As your vehicle passed through the load balancer, it directed you to one of
possibly many web accelerators at the next level of the stack. The web
accelerator (aka, caching HTTP reverse proxy) is the first line of defense for
your application servers farther down the stack. (In this book, we'll focus on
Varnish\ [#]_, our preferred web accelerator solution.)

One of the first tasks for the web accelerator is to determine if this is a
request for a resource where the response varies with each user. For many
applications it might seem like *every* request varies per user. There are
some tricks we'll show you later to work around this, but the basic question
at the web accelerator is this: is this page unique to you or the same for
everyone?

If the response is user-specific, it will wave your vehicle on to the next layer
in the stack. If not, it will see if it already has a copy of the response in
its internal cache. If it's found, your vehicle's journey stops here and you're
sent back to the browser with the cached response. If it isn't found in
cache, it will send you down the stack, but take a snapshot of the response on
your way back so it can store it in the cache.

Ideally most requests' journeys end here. The web accelerator absorbs traffic
spikes generated by a marketing campaign or viral content on sites like Reddit
or Facebook.

Your journey is going to keep going, however. Next stop the application server!

.. [#] https://www.varnish-cache.org/

.. index::
  seealso: application server; uWSGI

Application Server
^^^^^^^^^^^^^^^^^^

Up to now, you've been zooming along the high-speed interstate highway but as you
start to pull into the application server, the road gets a little more winding
and your pace starts to slow down.

The application server has a simple task, it turns your HTTP request into a
:abbr:`WSGI (web server gateway interface)` request that Python can
understand. (Our preferred application server is uWSGI\ [#]_.) There
are lots of lanes of cars passing through the application (aka WSGI) server
and on the other side you catch sight of Django. The winding road now becomes
city streets complete with turns and stop signs.

.. [#] http://uwsgi-docs.readthedocs.org/en/latest/

Django
^^^^^^

The Django streets should look familiar to you. You go through the middleware,
hand off your URL to the dispatcher who points you towards one of the views in the
application.

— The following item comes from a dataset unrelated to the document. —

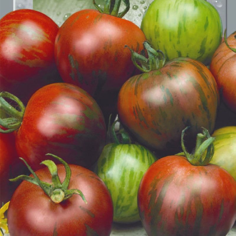 Середньостиглий сорт томату для теплиць і відкритого грунту. Індетермінантний, кущ висотою 1-1,3 м, вимагає підв'язки. Плоди округлі, вирівняні вагою до 110 г. Стиглі плоди - практично чорного кольору з червоними і жовтими смужками. Смак дуже приємний, солодкуватий з фруктовою кислинкою. Консистенція плодів помірно щільна, шкірка ніжна, прозора. Сорт урожайний і досить стійкий до захворювань. Чудово підходить для консервування та салатного застосування.

You notice, however, that there are a few differences between this
Django application and the ones you hack on on your laptop.

.. TODO: Do we want to recommend the per-site cache? Is it useful with Varnish in front?

Some requests are getting responses and zipping home in the middleware zone.
That's Django's per-site cache in action. As you enter the view you notice
that instead of having to stop and wait for every database query, some return
out of cache almost immediately (a database query cache). Rather than twisting
and turning through the template level, you notice some of the blocks simply
fly by (template caching).

While slow compared to the highway you were on earlier, the trip through Django
was pretty fast. You've now got the full response in tow and need to head home
to the browser. On your way, you'll pass back through each layer, checking in a
copy of your response with the per-site cache in Django and again with the web
accelerator on your way out to the internet.

-----

How long did your little request journey take? Surprisingly, all this happens in
just a fraction of a second.

When you start looking at your own application's response times, here are some
rough numbers you can shoot for. If your application is five times slower,
there's going to be a lot of room for improvement.

========= =========================
Estimated Response Times
===================================
10ms      Varnish cache hit
35ms      Django per-site cache hit
100-300ms Django with warm cache
500ms-2s  Django with cold cache
========= =========================

Breaking it down further, for requests passing through to Django the total time
spent should not be overwhelmingly dominated by a single component (database,
cache, etc.). The majority of time should be spent working in Python with no
more than 30% or so spent in any given component.

How's your Django app compare? Is there room for improvement? In the next
chapter we'll explore the development process and show you how and where to
optimize your application as you build it.